My patience has started to run a bit thin, as gold and gold stocks seemed to keep declining.  This is also the same time that gold stocks can reverse and roar.  I would be happy if this all turned the corner soon, but I can wish it until pigs start to fly,  if gold stocks are still not ready to start the next leg up.  The Gold/Gdx ration is still very reasonable at 55:1  which has been about the average since the beginning of November.  When GDX gets closer to a 30:1 ratio then we are looking at very expensive gold stocks. Many other ratios would also have to calculate out closer to the extremes, as I don’t base anything on strictly one ETF. 

From my perspective, there should be more upside left to come.
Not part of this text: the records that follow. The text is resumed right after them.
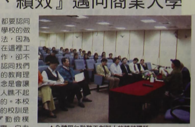
全體同仁聆聽王創辦人的精神講話

有主見，並且有決定權；屬員就要遵守主管的決定，並且努力執行勤務，即使自己有意見和看法，也要能夠體性、服從，因為主管必須就工作的結果負責。在我們中心，一切行事以校長為中心，校長則對創辦人負責。(二)要認真自己的職稱和工作內容。除了個人的職掌要明確以外，各單位之間更要相互支援與聯繫、摒除陳見、重視溝通；由於我們是新創立的學校，一切都在開始，如果我有必要，請各位能犧牲小我，以完成教育的大我事業。(三)對於主管交辦的事項一定要當做重要的事情按照法定的程序積極辦理；即使是創業者親自交辦，承辦者也是一定要按正式公文程序去處理的；進度則向自己的主管呈報，即使是小事，也不可忽視，必須爭取即時回報，落實分層負責的精神。 三、天氣漸漸回溫，環境衛生日形重要，請總務處隨時到餐廳巡視，發現問題，立即改進，學校有責任照顧學生的生活，所以飲食衛生和學生安全需要重視。 四、現在已經是育達技術學院第四學期的開始，但是我們仍然沒有建立自己的特色。因此，我們要全力推動「一分鐘環保」，用「一分鐘環保」的活動，使我們校園環境整潔乾淨，成為育達的一大特色。 五、廣亞要再次強調育達校的特色和精神是「愛國愛校、寧靜好學、禮讓整潔」，希望大家身體力行，讓外賓到校參觀時，能對我們產生良好的印象。而在我們學校中工作的每一個人，
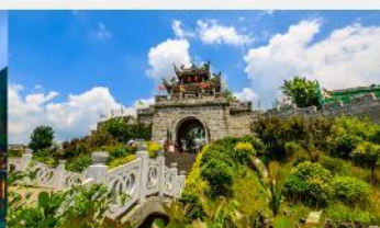
เมืองโบราณซิงเหยียน

*ทางบริษัทฯ ขอสงวนสิทธิ์ในการสลับโปรแกรมทัวร์ตามความเหมาะสมขึ้นอยู่กับสถานการณ์หน้างาน โดยคำนึงถึงผลประโยชน์ของลูกค้าเป็นสำคัญ
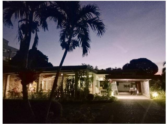
Comunidad del Postulantado y del Noviciado en San José

a la escuela un carácter menesiano. En 2012, en
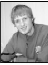
У нас довольно-таки молодая команда. Много новых людей. В период предсезонной подготовки приехали столько народу, что трудно было даже запомнить их имена...
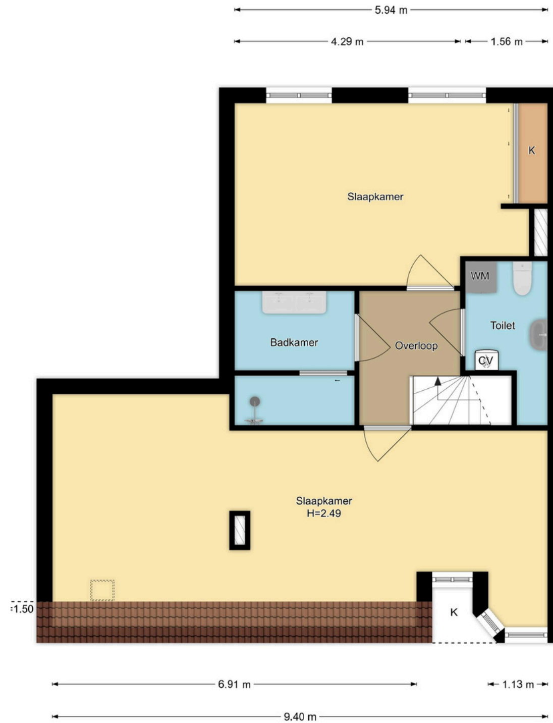
2e Verdieping Blekersvaartweg 12b, Heemstede R.M. Vastgoedpresentatie| Aan deze plattegrond kunnen geen rechten worden ontleend
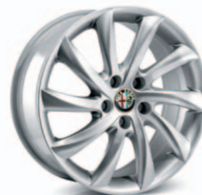
Sport Plus Standaard in Pack Sport 1 en 2
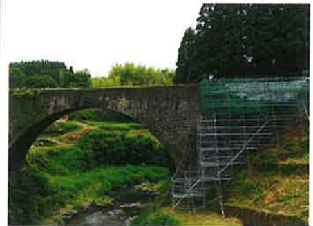
通潤橋 大雨災害復旧工事 施工状況

「女性での現場監督は苦労がありそう」と思われるかもしれませんが、実際は男女差を感じることはなく働いています。本人がステップアップしたい場合は、会社全体でサポートできる社風があります。現在はGPSを使った重機の発達など日々進化しており、現場の負担は軽減してきています。女性や経験のない方でも気軽に挑戦すると、やりがいを感じられる仕事だと思います。
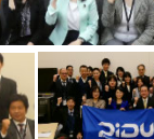
多くの皆さんが国会事務所にお越しくださいました
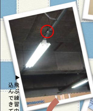
飛んで練習中に倉庫に迷い
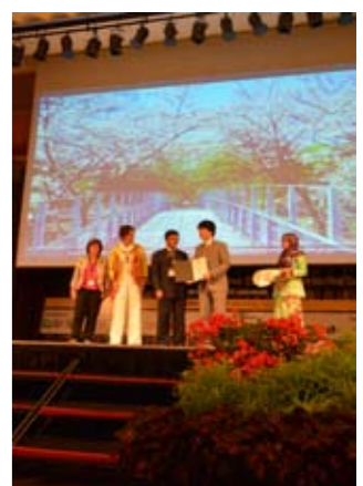
受賞式と受賞スピーチの様子

So many people are bearish on gold stocks, so when this starts to turn, then all the bears will turn into gold stock bulls. This can put more power behind a move, and is what I look for most of the time. 

I’m trying the wave count containing an expanded pattern, which would produce a more even looking zigzag once the “C” wave starts to complete.  Some readers have asked which wave counts are the best ones to trade? In the last few years I have covered many, if not all of the wave positions which can produce extremely wild moves and a “C” wave bull market is one of them.  Even a Minor degree move can surprise us, but the chance of staying in that type of trade is next to zero. Sooner or later we get scared out of a move, stops get hit, or we take profits far too early. 

The same type of moves up, also happens on the way down. This is when the traders that know how to speculate short, benefit.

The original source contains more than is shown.